June 10, 2008

I Swear I Read It for the Articles...

So on a recent business trip I stopped in to a cramped airport newstand for a cold beverage, and I couldn't help seeing this on the magazine rack:


Honestly, I thought it was some sort of April Fool's issue of Sport's Illustrated leftover on the stands. But much to my chagrin—and the annoyance of the guy looking at Newsweek who I almost body slammed to reach for a copy—I found it to be a real and fun way to get my science news.

I picked up the May/June 2008 issue and could tell right away that some of the articles were a tad dated. But one busy lady can't read it all, so I did find several fascinating tidbits that were totally new to me.

For example, seems some European scientists have been trying to figure out how the brain manages to use electrical impulses to communicate signals without giving off heat. Their answer: It doesn't.

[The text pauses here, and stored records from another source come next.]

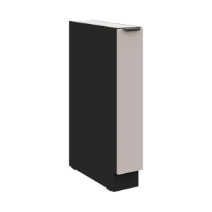 Szafka dolna 15 D CARGO BB z kolekcji KASZMIR - To najmniejsza, ale zaskakująco użyteczna szafka dolna z wysuwanym koszem, stworzona z myślą o maksymalnym wykorzystaniu dostępnej przestrzeni. Jej kaszmirowy front świetnie współgra z czarnym korpusem, tworząc stylowy i spójny element aranżacji. Wysuwany kosz sprawdzi się idealnie na przyprawy, oleje lub detergenty. Świetna opcja jako wypełnienie wolnej szczeliny między większymi modułami.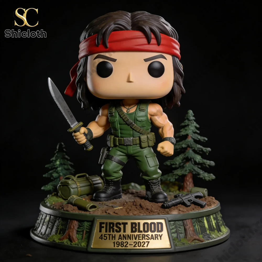 This collector’s set features a high-quality vinyl figure of John Rambo, instantly recognizable by his signature red headband and weathered survival gear. He is depicted in his classic olive green tactical vest and cargo pants, holding his iconic serrated survival knife. The figure stands on a meticulously crafted 45th-anniversary base that simulates a forest floor, complete with miniature pine trees, a discarded green duffel bag, and a small-scale rifle. The base is finished with a gold-tone plaque inscribed with “First Blood 45th Anniversary 1982-2027”, making it a time-stamped treasure for long-term fans. Every detail, from the muscular sculpt of the arms to the determined expression, is designed to evoke the grit of the original film.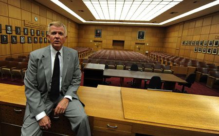 15日,美國(guó)加利福尼亞州(加州)洛杉磯高等法院法官坐在空曠的審判廳里。當(dāng)天,加州各法院關(guān)門不審理大部分案件。加州目前面臨高達(dá)263億美元的財(cái)政預(yù)算缺口。為彌補(bǔ)這一缺口,加州政府被迫采取了一系列措施,包括發(fā)放政府借據(jù)、裁員以及強(qiáng)制休假等。其中,法院也在未來(lái)12個(gè)月內(nèi)每月關(guān)門一天,以節(jié)省開(kāi)支。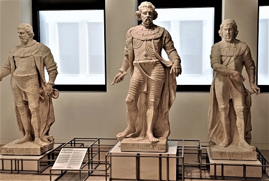 An einer anderen Stelle im Treppenhaus des Humboldt Forums halten die Kurfürsten Joachim II., Johann Georg und Johann Sigismund Wache.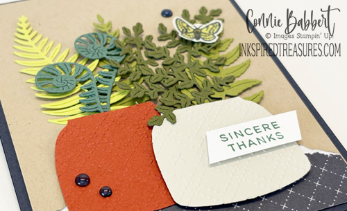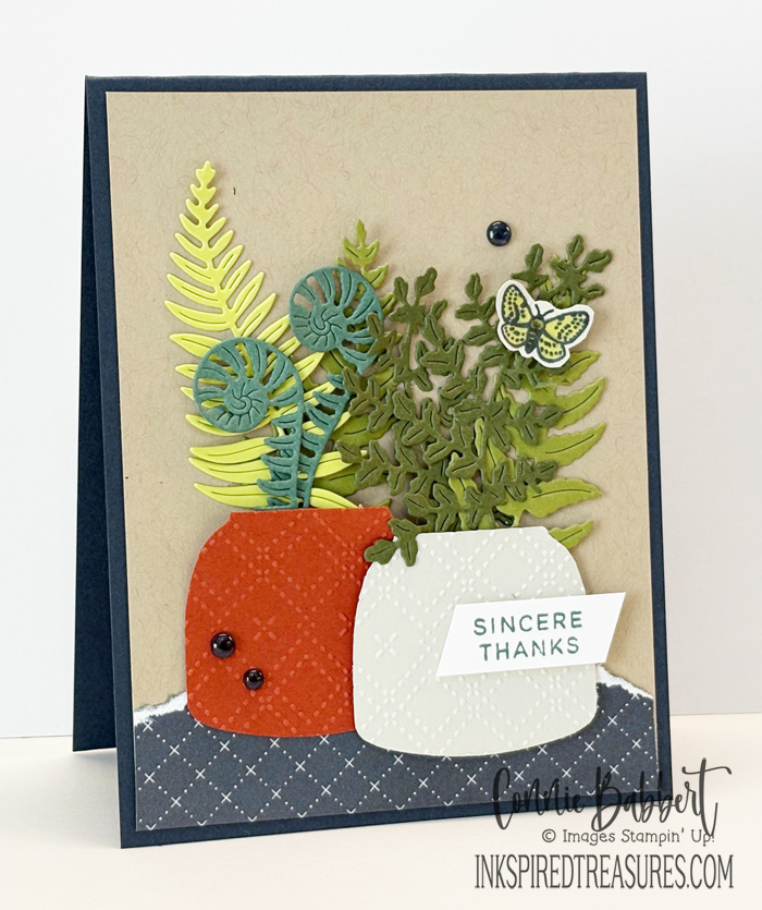 - The moth was stamped with Memento Black Ink on Basic Beige cardstock and colored with Lemon Lime Twist and Mossy Meadow Stampin’ Blends, then added to the ferns with a Stampin’ Dimensional.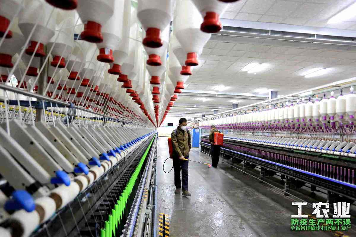 仁寿县金鹅纺织有限公司,工作人员正在对车间进行消毒,开始复产复工。

As any first-year physicist can tell you, the laws of thermodynamics state that you can't create or destroy energy. Mechanical processes such as, say, charged salts passing through ion channels—the long-held method by which electrical impulses travel along nerves—must generate heat.

Trouble is, experiments on brains in motion can't find any such heat.


Then there's the fact that experts have been hotly debating for centuries exactly how anesthesia works and why inflammation makes it less effective.

Instead, researchers at the university's Niels Bohr Institute and Germany's Max Planck Institute think that brain impulses are actually special sound waves called solitons. Unlike normal sound waves that lose their oomph over distances, solitons are like the Energizer Bunny: They keep going and going, provided the medium they're traveling in is at just the right temperature to hover between liquid and solid.

As it happens, that's just the right temperature of lipid membranes in nerves. And that would offer a handy explanation for why anesthesia craps out on you if your nerves are inflamed. According to the researchers, pain blockers change the melting point of lipid membranes, causing them to become mostly solid and thus blocking solitons. But inflammation masks the effect, making anesthetics less potent.

That's not to say there's no juice flowing when the brain is firing; plenty of experiments have shown proof of the electric sparks inside our heads. But the researchers put those signals down as ancillary to the sound waves—a byproduct, not the root cause.

Based on what I read in Science Illustrated, the soliton scientists make a pretty interesting case. I'll be looking forward to seeing if they set up some experiments to test what could be a very, uh, sound theory.

2 comments:

Unknown said...

That is really cool! Thanks for posting!!

Katy said...

I was into it...all the way up to the pun.